こうして、二人のあまりにも過激すぎるデートは終わりを告げる。





ある日の放課後。





「帰るか」

「はい」

 夕暮れ時の事。一緒に帰宅しようと朋也が椋に声をかけたところ、腕を引かれ人の姿も見えない物陰に誘われる。

「椋……?」

 椋は極めてさりげなく、朋也の股間に手を押し当てた。ズボンの上から触れ、何度となく撫でてみる。

「朋也くん。いいですよね?」

「え?」

 素早く跪き、ズボンのチャックを降ろす。早業だった。

「お、おい椋。何を……」

「おしゃぶりです。ずっとしたくて、我慢していたんです。朋也くんのおち○ちんをおしゃぶりしたくて……」

 授業中ずっと。さぞかし長い時間だったのだろう。

「誰かに見られるぞ」

「ここなら大丈夫ですよ」

 そう言いきれる根拠などどこにもないのに椋は平然としていた。細く白い手で朋也のものを握り、弄ぶ。そして迷う事なくしゃぶりついた。朋也はただ呆気にとられるばかり。

「ん、んん、ん、ん、ん……」

 その愛撫はとても的確で丁寧で、とろけるように気持ちよかった。椋は朋也のものから口を離し、上目遣いでクスッと笑って言った。

「いっぱい感じてくださいね」

 ぺろりと舌で唇を舐める様がとても淫靡に見える。椋は、自分でも素質が充分なのだろうと自覚していたけれど、言わずにはいられない。
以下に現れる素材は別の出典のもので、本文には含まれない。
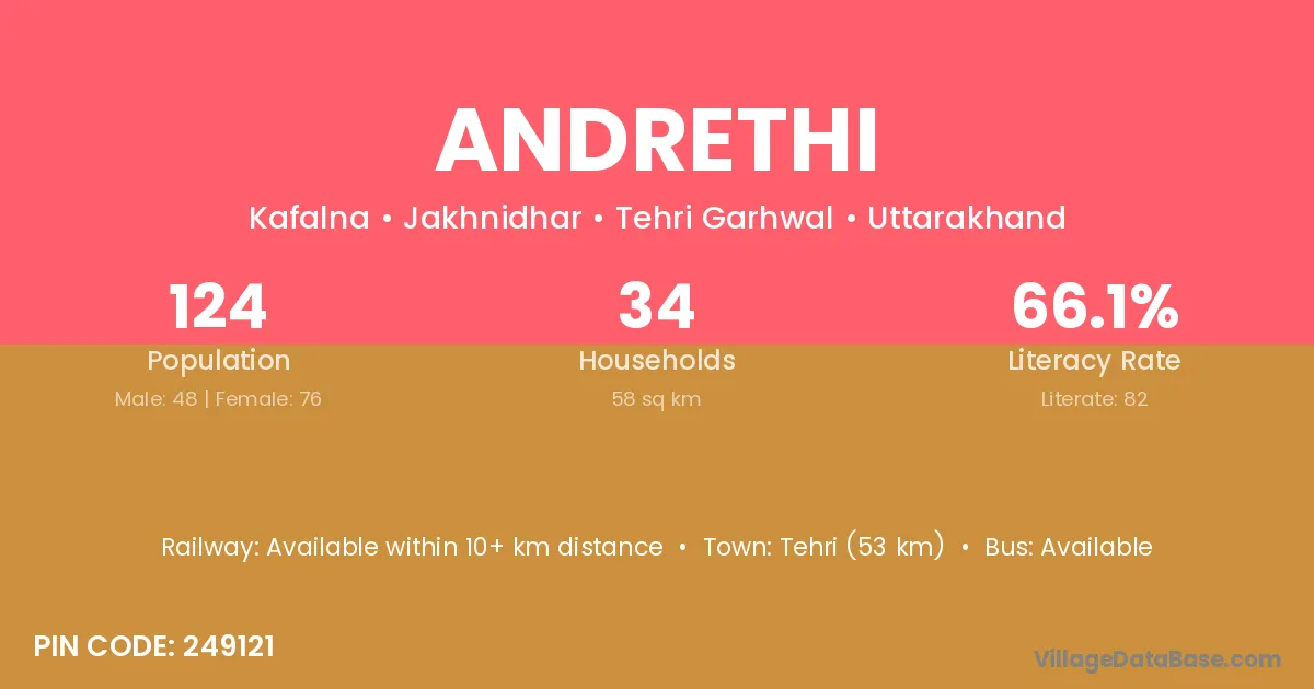 Tehri (53 km) is the nearest town to Andrethi village for major economic activities and is located approximately 53 km away.

「私がこんなにえっちになっちゃったのは、朋也くんのせいなんですからね」

 そしてまた、呆然とする朋也のものを愛撫し始めるのだった。

「実は今日、パンツはいてきていないんです。家からずっと。だからいっぱい濡れちゃって、休み時間にトイレでオナニーもしちゃいました。声を出さないようにするのが大変でしたけど、見つかったらと思うと……気持ちよくなっちゃって」

 手で朋也のものをしごき、舌で先端をなめ回しながら椋は言う。

「また入れてくださいね。私のおま○こをずこずこばこばこいっぱい突いてください」

 酔いでも入ったかのように淫靡な台詞を繰り返す。――その願望はすぐに満たされることになる。





…………





 体操着姿の椋。実はそれは椋のものではなく、杏のスペアをこっそり借りていたものだった。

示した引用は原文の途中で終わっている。